The album is equal parts brutal and beautiful, sometimes in the space of a single track (‘Iron Moon’, ‘After the Fall’). Whilst it veers further into her metal inclinations than she’s gone before, Wolfe manages to maintain the presence of her plethora of genre influences, from folk to electronica, and create a dreamlike collage of styles – albeit it one coloured in blacks, greys, and moonlight white.
Chubby gremlin in charge of this place. Won't know peace until I have Titanfall 3 in my hands.
Alabama Shakes – Sound and Colour
Alabama Shakes have enjoyed a great year, buoyed by finding the mainstream coverage they deserve with their sophomore effort, Sound and Colour. That more people haven’t found and appreciated the album is a crying shame as it’s such a genre-bending thing of beauty that probably the weird cat next door would even bop along to it.
The hooks are catchy and the voice delivering them, the effortlessly smooth Brittany Howard, has to go down as one of the industry’s best.

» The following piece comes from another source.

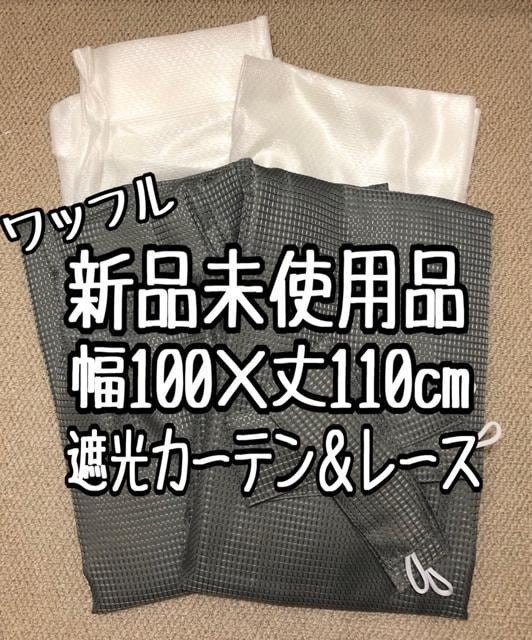 - 新品☆幅100×丈110㎝グレー系♪シンプル遮光カーテン&レース〇A691

The power and range which she projects is simply stunning at times, ranging from the vulnerable to the triumphant, making tracks like ‘I Don’t Wanna Fight’ just that extra bit essential and inescapable from your mind.
Action Bronson – Mr. Wonderful
I have this dream of myself as a professional wrestler making his way to the ring to the sound of Action Bronson’s Easy Rider. That’s a weird admission to make, but honestly, any of the tracks from Bronson’s first full-length album could provide the soundtrack to my odd wrestling fantasies – each are anthemic and irresistibly full of hooks and passion.
Bronson’s delivery ranges from the laidback to the intense; it’s clear that he’s a man on a mission to prove that he isn’t all hype and bluster. One of 2015’s most involving albums, Mr. Wonderful managed to get me invested back into rap music again with aplomb. Here’s hoping his follow-up is just as fantastic.
Ghostpoet – Shedding Skin
An artist that defies allowing himself to be compartmentalised into a genre, Ghostpoet’s thoughtful, intricate lyrics provide the skeleton for fantastic production on one of the best albums of the year, Shedding Skin. It might not be for everyone, especially if you’re looking for that one party anthem to make everyone lose their shit, but if you have a spare hour, lose yourself in the everyday stories this modern genius weaves.
Leon Bridges – Coming Home
Whether your mum likes him or not shouldn’t detract from the fact that Leon Bridges’ soul-infused ‘Coming Home’ is one of the best albums of 2015. In a modern age of music where every other song has to be accompanied by an obnoxious horn and production tweaking that borders on the obsessive, Bridges takes it back to what it should be all about – the lyrics and melodies.
You won’t find a more heartwarming collection of songs this year than on this fantastic debut effort. Don’t let the popular consensus stop you from listening to one of the best voices of a generation because you will lose hipster points.